短時間で成果を出している人がいる一方、頑張っているのに成果が出ない人もいる。この違いは何だろう? 経営の最前線で20年以上、成果上げられる人と上げられない人の差を徹底研究してきた人物がいる。東洋経済オンライン「市場が評価した経営者ランキング2019」第1位、フォーブス アジア「アジアの優良中小企業ベスト200」4度受賞の木下勝寿社長だ。「20年に一冊の本」とミリオンセラー会計士に絶賛された『売上最小化、利益最大化の法則』に続き、「やる気に頼らず楽しく続けられる」と話題となっているのがベストセラー『時間最短化、成果最大化の法則──1日1話インストールする“できる人”の思考アルゴリズム』だ。【がっちりマンデー!!】SNSで「ニトリ」似鳥会長と「食べチョク」秋元代表から「2022年に読んだオススメ本3選」に選抜された。本稿では、本書より一部を抜粋、「最短時間で最大の成果を出す方法」を紹介する。

先々のキャリアを意識しながら成長する【年代ごとステップアップ】の法則とは?

年代ごとに問われる
「4大スキル」の身につけ方

 年代ごとに身につけていかなければならないスキル、求められるスキルは変わってくる。

 若いうちに成果を出して有頂天になっていると、すぐに同僚や後輩に追い抜かれていく。

 よって、年代ごとに身につける4つのスキルをまとめておこう(▼図表21)。

【STEP1】業務スキル=実業務を行うスキル
【STEP2】チームマネジメントのスキル
【STEP3】未知問題の解決スキル
【STEP4】しくみをつくるスキル

【STEP1】
業務スキル=実業務を行うスキル

 職種にもよるが、大半の職種のほとんどの業務は通常3~5年でマスターできる。

 在籍5年の人と15年の人の成果貢献度に大きな差は生まれない。

 センスがいい人はすぐにできてしまうが、そこで満足してしまうとその後のスキルアップは望めない。

 よって実業務が得意なだけの人は、5年目以降は給料が上がらない。

【STEP2】チームマネジメントのスキル

 これは業務スキルをマスターした後、組織・チームを動かし、より大きな成果を出すスキル。

 自分がプレーヤーとして活躍するだけでなく、複数人で大きな仕事を行う業務管理をするために次のスキルを身につけよう。

・個人ではなくチーム全体の業務を適切に把握する
・わかりやすく他人に仕事を教える、育成する
・他人の業務を管理する
・他人のメンタルマネジメントを行う

 しかし、5年程度でマネジメントの基礎をマスターすると、それだけではその後大きく成長することはない。

【STEP3】未知問題の解決スキル

 これは未知の問題が起きたときに、自分でオリジナルの解決策を「編み出す」スキルである。

 経験したことがある問題は「経験値」で解決できる。

「経験値」が高い人は一見「問題解決スキル」が高く見えるが、経験のない未知問題になると、まったく対応できないこともある。

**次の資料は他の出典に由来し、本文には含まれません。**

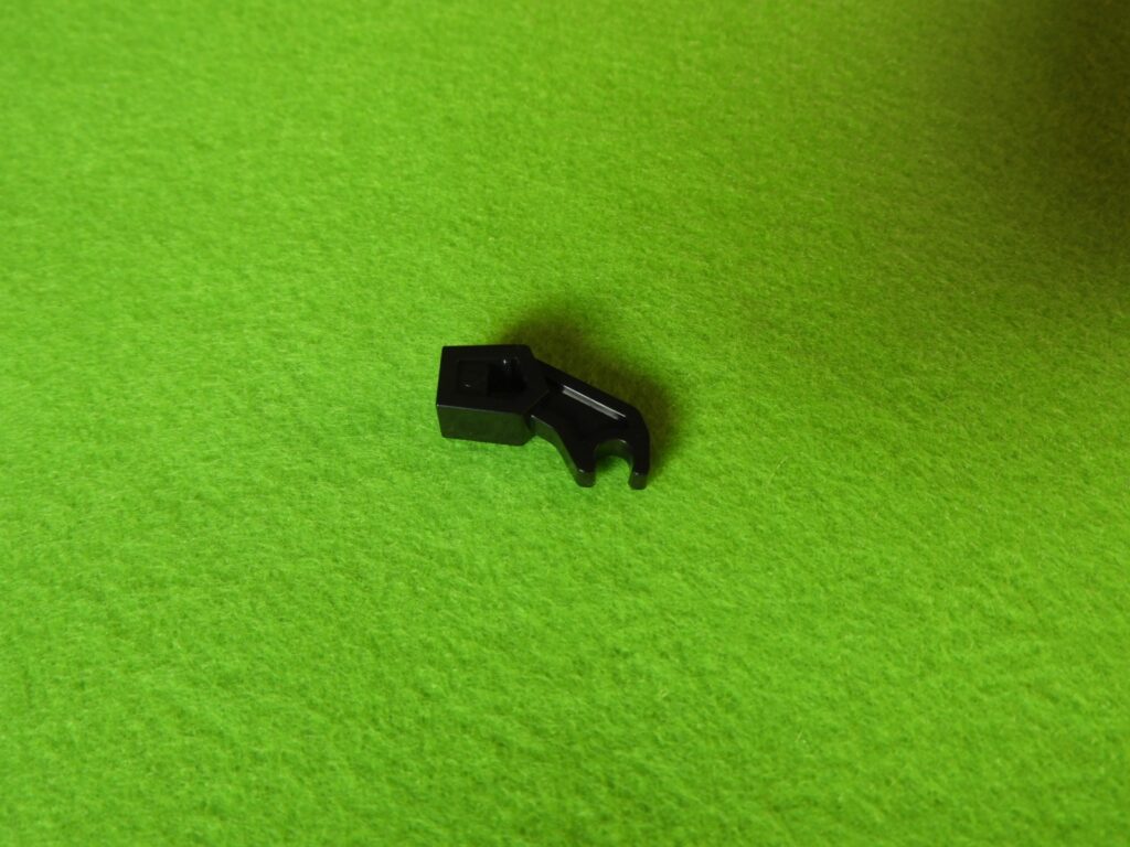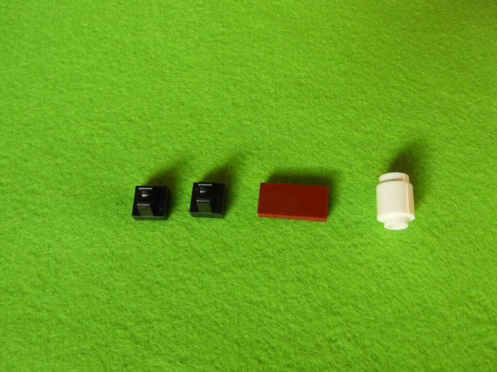 工程4番で使用するブロックを用意します。1.用意した黒ブロック2個を工程3番で組み立てたブロックに取り付けます。黒T字ブロックは、下記写真左の青ブロックを手で押さえながら少し力を入れてグッと押し込むとはまります。丸黒ブロックは白ブロックの上にとりつけます。

「経験値が高いので解決力が高い」のと、「未知問題の解決力が高い」のは別物だ。

 会社にとって未知問題が発生した場合、解決すべきとはわかっているものの、自分だけでは解決できないので上司に任せる人はまだまだだ。

 会社にとっての未知問題とは上司にとっても未知問題だ。

 未知問題の解決スキルとは、「経験」とは関係なく、「意識」が問われている。

 まず、「解決するまであきらめない」「誰かが解決しなければならないなら自分が解決してみよう」という当事者意識を持つ。

 反対に「これは不可能だ」「現実的ではない」「無理なものは無理」と思考停止すると一切成長が止まる。

「1時間集中すれば必ず答えが出る法則」(▼本書P225)を実行してほしい。

 他の人がやった場合、その問題が解決することがあるかもしれない。

 できた人はこの世の中で誰もいないか?

 そのやり方は特殊能力がないとできないか?

 と考えてみよう。

 これは「最終目的逆算思考」(▼本書P102)と同じだ。

【STEP4】しくみをつくるスキル

「1業務スキル」「2チームマネジメントのスキル」「3未知問題の解決スキル」を身につけたうえで、組織で問題解決できるしくみをつくろう。

 教育するのではなく、「問題が起きにくいしくみ」「問題が体系的に解決されるしくみ」を考え、「問題が問題でなくなる状態」をつくり、他の人がルーティンで解決できるしくみをつくる。

 これは経営者の仕事だ。

 このように求められていることが変われば、身につけるべきスキルも変わっていく。

 浅いスキルを身につけただけで満足せず、常に先を見て、ともにステップアップしていこう。